> **What to work on**: Taking the line with "As promised, we" as the first and the line with "During one of" as the last, set down the lines below exactly, pictures excluded.

> **Records provided**:
☆ ☆ ☆ ☆ ☆ ☆ ☆
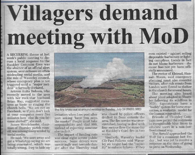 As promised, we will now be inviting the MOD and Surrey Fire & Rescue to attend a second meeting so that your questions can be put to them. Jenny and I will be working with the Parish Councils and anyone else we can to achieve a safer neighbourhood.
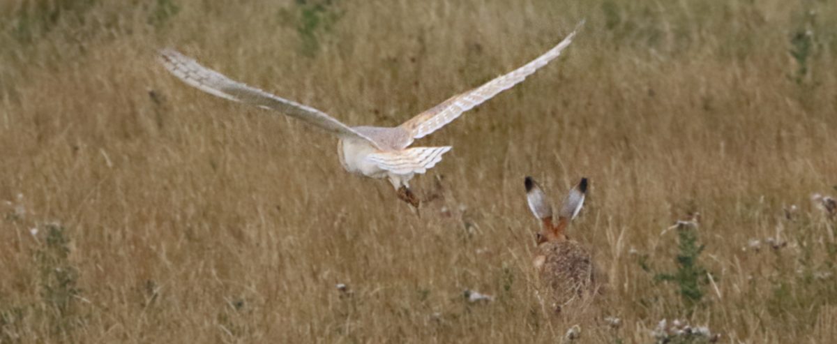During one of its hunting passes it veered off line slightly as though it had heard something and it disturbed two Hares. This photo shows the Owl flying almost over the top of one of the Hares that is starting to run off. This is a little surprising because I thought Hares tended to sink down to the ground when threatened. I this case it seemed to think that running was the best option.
☆ ☆ ☆ ☆ ☆ ☆ ☆
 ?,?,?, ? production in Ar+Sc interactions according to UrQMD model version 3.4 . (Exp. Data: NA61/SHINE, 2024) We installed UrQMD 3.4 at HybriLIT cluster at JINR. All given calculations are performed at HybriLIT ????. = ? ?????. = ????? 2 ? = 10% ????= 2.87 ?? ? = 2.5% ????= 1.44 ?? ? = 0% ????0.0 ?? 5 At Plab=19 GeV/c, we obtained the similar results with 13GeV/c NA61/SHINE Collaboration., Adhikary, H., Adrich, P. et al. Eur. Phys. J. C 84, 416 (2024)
☆ ☆ ☆ ☆ ☆ ☆ ☆
> **Exercise output**:
 As promised, we will now be inviting the MOD and Surrey Fire & Rescue to attend a second meeting so that your questions can be put to them. Jenny and I will be working with the Parish Councils and anyone else we can to achieve a safer neighbourhood.
During one of its hunting passes it veered off line slightly as though it had heard something and it disturbed two Hares. This photo shows the Owl flying almost over the top of one of the Hares that is starting to run off. This is a little surprising because I thought Hares tended to sink down to the ground when threatened. I this case it seemed to think that running was the best option.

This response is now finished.